There needs to be flexibility to make the new Agri Climate Rural Environment Scheme (ACRES) work for a lot of farmers, IFA rural development chair Michael Biggins has said.

He said the payment rates for the low-input permanent pasture action have been “seriously curtailed”.

“We have got to ensure that anybody who wants to get in gets in. The Department has said there are 50,000 places. Between GLAS and REAP, there’s about 60,000 people. Because it is tranche-based, we could have farmers who have been in environmental schemes for 25 years having a gap year. Farmers in low-income sectors go into these schemes, they form a huge part of their family farm income and they cannot afford a gap year,” he said.

The president of the ICMSA, Pat McCormack, said that much of the most recent reservations being expressed about the new CAP focused on ACRES and specifically on its exclusionary design and inadequate payments.

“We do think a real opportunity was missed here by the Government and it wasn’t for the lack of ICMSA trying to convince them,” he said.

“The point here is that if we are to make the overall sectoral transition that this CAP is meant to be the engine for, then we will have to make it attractive for commercial family farms to engage with.

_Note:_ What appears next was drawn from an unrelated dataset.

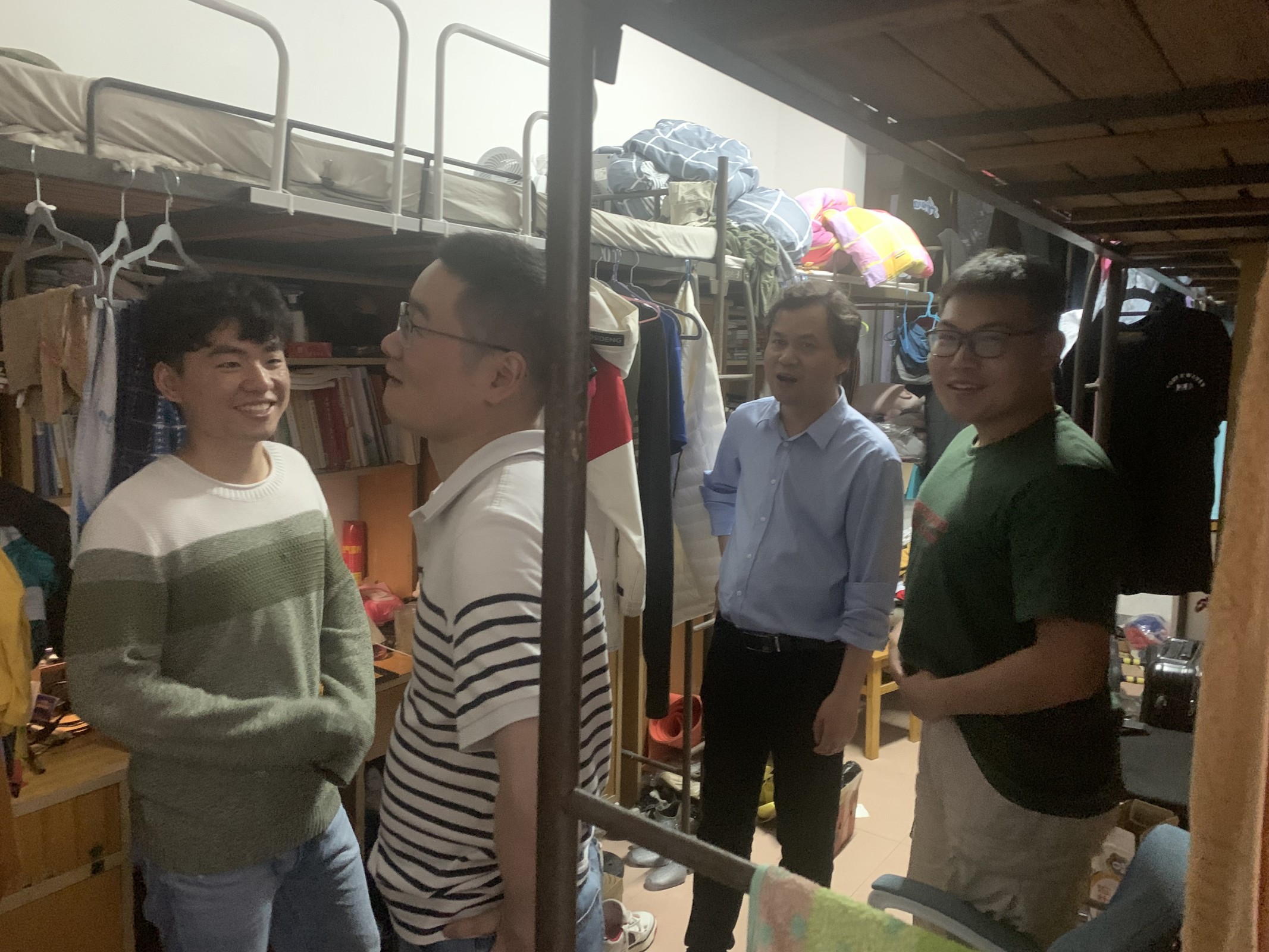 在下寝慰问活动中,院领导与毕业生进行了交谈互动,亲切地询问他们的学习、工作以及生活近况。在交谈中,叶军副书记询问了毕业生们的求职、就业状况和毕业后的规划,并根据他们各自的情况给予了指导建议,帮助他们树立起对美好未来的憧憬与信心;宋智敏和王明副院长对毕业生的毕业论文进行了特别指导,并给予他们相关的学术性建议,过程中学生们都仔细聆听,受益匪浅;同时马驰升主任细心提醒学生们毕业后回家途中要格外注重财务安全,提高防范意识;郭志军与李斌老师与同学们亲切交谈,积极回答同学们关心的问题。最后院领导表示,有问题、有困难可以随时向学院请求帮助,学院仍是毕业生可靠的港湾,给予了他们切实而温馨的鼓励和祝福,愿毕业生们前程似锦,一路芳华。

“The ICMSA pointed out on numerous occasions that, for instance, giving more organic options for farms that were already organic was a wasted effort.

“Even within that very narrow and marginal context, ACRES is actually a step backwards from, say, REPS. That scheme had 66,000 farmer participants, whereas ACRES will have 50,000 – with 20,000 of those ring-fenced to specific parts of the State. If we assume an average payment of €4,000 per annum, is that going to be the game-changer that some seem to assume?

“We doubt it and we very specifically doubt in when inflation will almost certainly run over 10% for the first two years of the scheme,” he said.